Nu-World, the branded consumer goods importer, assembler and distributor with subsidiaries in Australia, Brazil, Dubai and Hong Kong, said yesterday that attributable profit fell 5.3% to R31.49 million in the six months to February 28.
Total revenue for the group that deals in durable products that includes appliances large and small, consumer electronics and electric scooters, fell 2.8% to R969.53 million. Headline earnings per share fell 5% to 147.1 cents from 154.9 cents. Net asset value increased 4.8% to 7 258.3 cents.
Its directors said sales came under pressure locally, however international sales managed to show a 6.6% growth in turnover.

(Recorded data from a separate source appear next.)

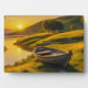 The delicate rays of the golden morning sun cast themselves over the peaceful lake, where a boat awaits on the grassy bank to be set upon the tranquil waters.
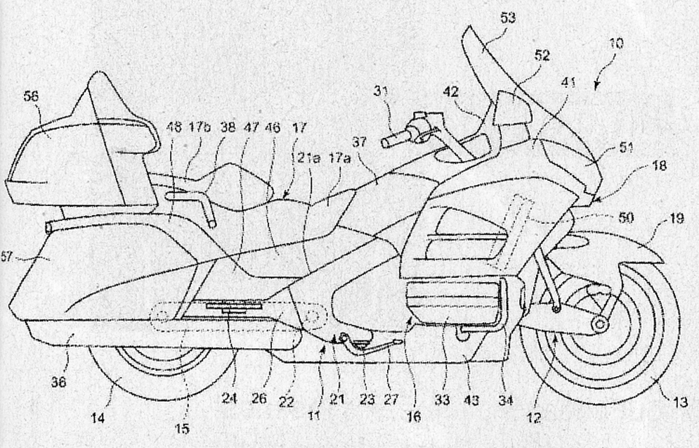 Компания Honda в данный момент работает над новой конструкцией передней подвески для своего туристического флагмана Gold Wing, на котором уже на протяжении многих десятилетий устанавливается классическая телескопическая вилка. Судя по эскизам, новая конструкция не являет собой чего-то революционного. Это хорошо известная конструкция – длиннорычажная вилка толкающего типа, несколько модернизированная относительно классической схемы, которую применяли ещё в середине прошлого века, а сейчас подобная конструкция используется, например, на мотоциклах «Урал» Gear-Up.
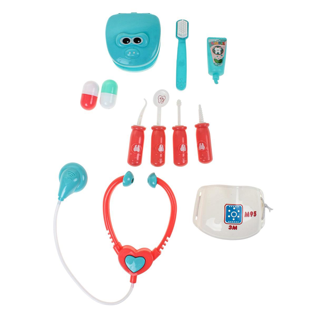 - медицинские аксессуары: стетоскоп, зеркальце, ирригатор, щетка, маска, паста, челюсть с зубами — для ролевых игр стоматолога и терапевта;
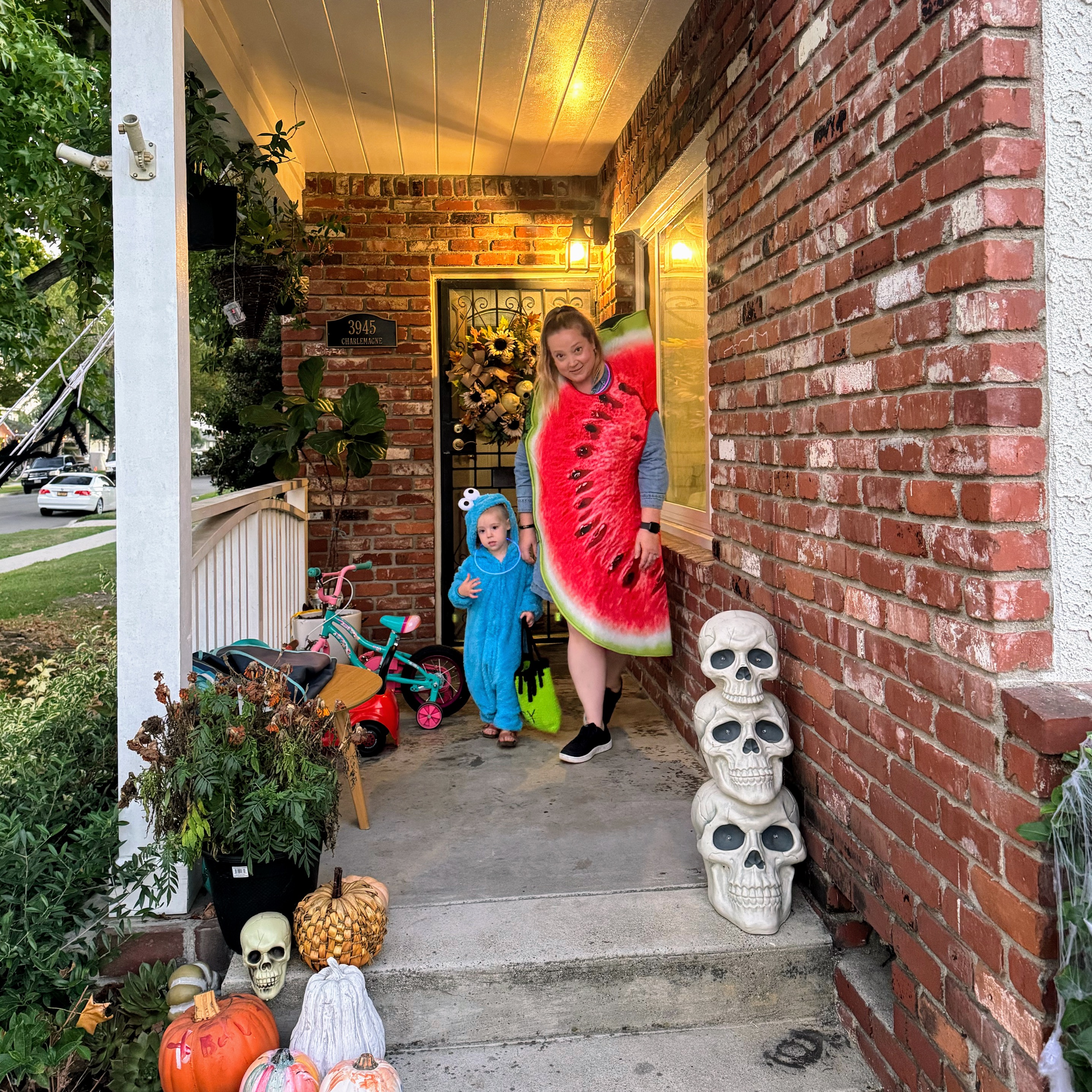 I seized on her love of Sesame Steet to design a Cookie Monster and Gonger family costume. Lucy was Cookie Monster, I was Gonger, and Laura was our missing ingredient, watermelon. We visited about a dozen houses within our new neighborhood to collect sweet treats we didn’t really need. There were plenty of houses to visit but to my surprise, there was not a lot of other trick-or-treater traffic. We only had about 5 visits to our house. I hope that changes as the age demographic in the neighborhood skews younger.

Margins locally declined due to increasing cost pressures, high interest rates, high shipping costs, devaluation in the rand, load shedding and fuel costs.
Business confidence continued to remain subdued, causing downward pressure on sales volumes. Overall, lower sales volumes and higher input costs have had a marginal adverse effect on profitability.
Offshore operations showed a 6.6% increase in revenue and a 5.3% increase in after tax income. The increase in revenue was mainly due to opening new markets and expansion in existing markets.
Profitability was maintained despite tough competitive trading conditions. The directors were proactively working to increase market penetration in many regions, and have appointed additional sales and marketing personnel in these areas.